Mammalian behavior and physiology converge to confirm sharper cochlear tuning in humans

Frequency analysis of sound by the cochlea is the most fundamental property of the auditory system. Despite its importance, the resolution of this frequency analysis in humans remains controversial. The controversy persists because the methods used to estimate tuning in humans are indirect and have not all been independently validated in other species. Some data suggest that human cochlear tuning is considerably sharper than that of laboratory animals, while others suggest little or no difference between species. We show here in a single species (ferret) that behavioral estimates of tuning bandwidths obtained using perceptual masking methods, and objective estimates obtained using otoacoustic emissions, both also employed in humans, agree closely with direct physiological measurements from single auditory-nerve fibers. Combined with human behavioral data, this outcome indicates that the frequency analysis performed by the human cochlea is of significantly higher resolution than found in common laboratory animals. This finding raises important questions about the evolutionary origins of human cochlear tuning, its role in the emergence of speech communication, and the mechanisms underlying our ability to separate and process natural sounds in complex acoustic environments.

Pitch perception is adapted to species-specific cochlear filtering

Pitch perception is critical for recognizing speech, music and animal vocalizations, but its neurobiological basis remains unsettled, in part because of divergent results from different species. We used a combination of behavioural measurements and cochlear modelling to investigate whether species-specific differences exist in the cues used to perceive pitch and whether these can be accounted for by differences in the auditory periphery. Ferrets performed a pitch discrimination task well whenever temporal envelope cues were robust, but not when resolved harmonics only were available. By contrast, human listeners exhibited the opposite pattern of results on an analogous task, consistent with previous studies. Simulated cochlear responses in the two species suggest that the relative salience of the two types of pitch cues can be attributed to differences in cochlear filter bandwidths. Cross-species variation in pitch perception may therefore reflect the constraints of estimating a sound’s fundamental frequency given species-specific cochlear tuning.

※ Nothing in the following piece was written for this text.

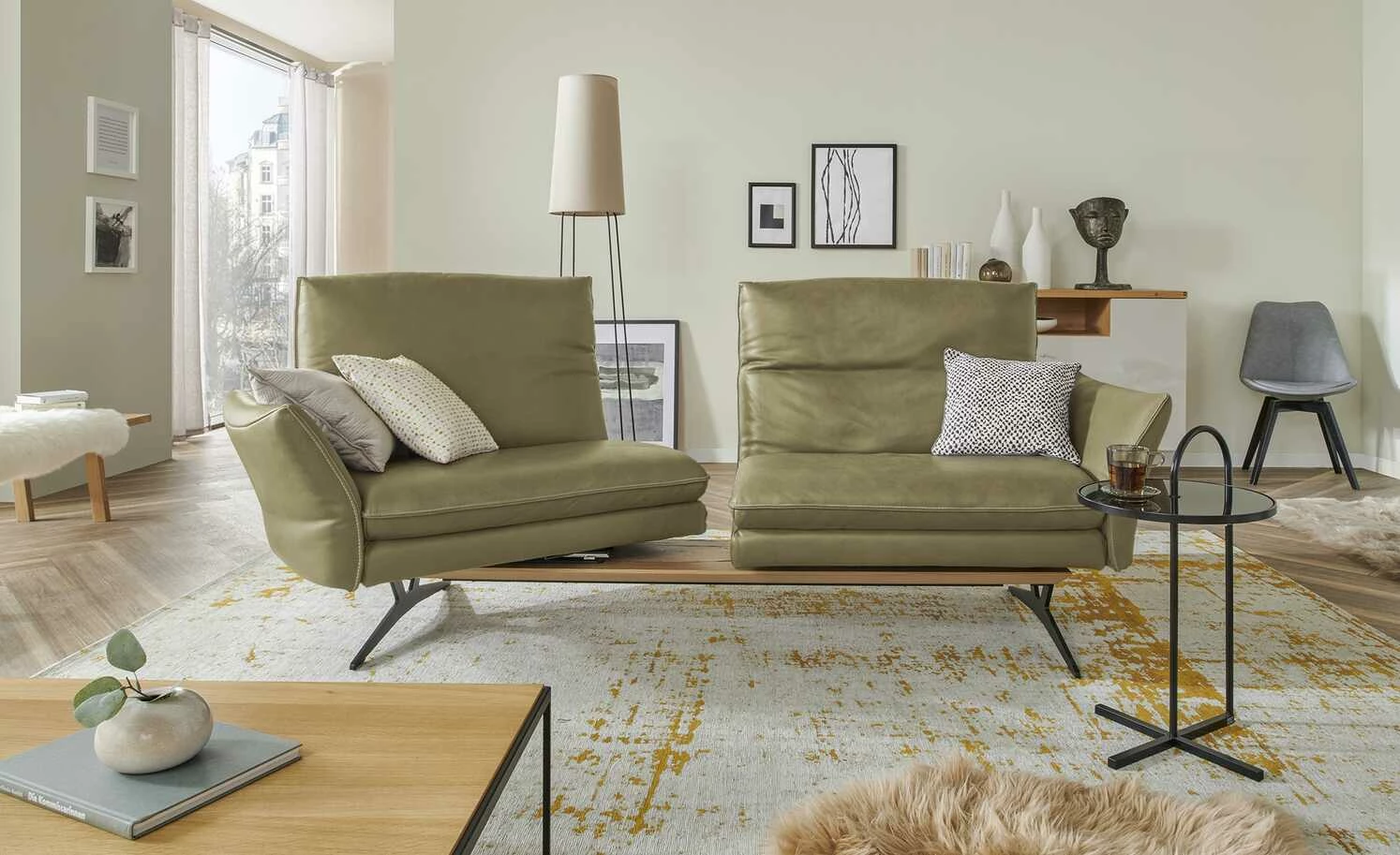 Das Markensofa Mikkl Move verspricht ein dynamisches Sitzerlebnis, das Komfort und Funktion aufs nächste Level bringt. Beide Sitzbereiche sind separat voneinander nutzbar und warten mit einzigartigen Funktionen auf. Drehen Sie die beiden Sitze in die gewünschte Position: Mikkl Move passt sich Ihrem Raumkonzept und Lebensstil mühelos an. Verstellen Sie außerdem die Rückenlehnen, das Kopfteil und die Armlehne. Alle Funktionen sind intuitiv bedienbar und kommen ohne störende Knöpfe und Hebel aus. Wählen Sie die Version mit erweiterter Funktion, um außerdem von der integrierten Gasdruckfeder und dem Drehstopp zu profitieren. So runden Sie Ihr Komforterlebnis optimal ab. Die beiden Funktionspolster liegen auf einem hochwertig furnierten Plateau auf, das mit liebevollen Details versehen ist. Getragen wird das Sofa Mikkl Move von filigranen, mattschwarzen Metall-Kufenfüßen. Dadurch verbindet es loftige Eleganz mit zeitgemäßem Design. Den hochwertigen Echtlederbezug gibt es in zahlreichen modernen Farben. Unikate gefertigt in Bayern: Die Marke KOINOR steht für einzigartige Komfortfunktionen und individuelles Design. Unter Verwendung hochwertigster Materialien entstehen Möbel mit Vorzeigecharakter.

LMO7 deficiency reveals the significance of the cuticular plate for hearing function

Sensory hair cells, the mechanoreceptors of the auditory and vestibular system, harbor two specialized organelles, the hair bundle and the cuticular plate. Both subcellular structures have adapted to facilitate the remarkable sensitivity and speed of hair cell mechanotransduction. While the mechanosensory hair bundle is extensively studied, the molecules and mechanisms mediating the development and function of the cuticular plate are poorly understood. The cuticular plate is believed to provide a rigid foundation for stereociliar pivot movements, but specifics about its function, especially the significance of its integrity for long-term maintenance of hair cell mechanotransduction, are not known. In this study, we describe the discovery of a hair cell protein called LIM only protein 7 (LMO7). In the hair cell, LMO7 is specifically localized in the cuticular plate. Lmo7 KO mice suffer multiple deficiencies in the cuticular plate, including reduced filamentous actin density and abnormal length and distribution of stereociliar rootlets. In addition to the cuticular plate defects, older Lmo7 KO mice develop abnormalities in inner hair cell stereocilia. Together, these defects affect cochlear tuning and sensitivity and give rise to late-onset progressive hearing loss.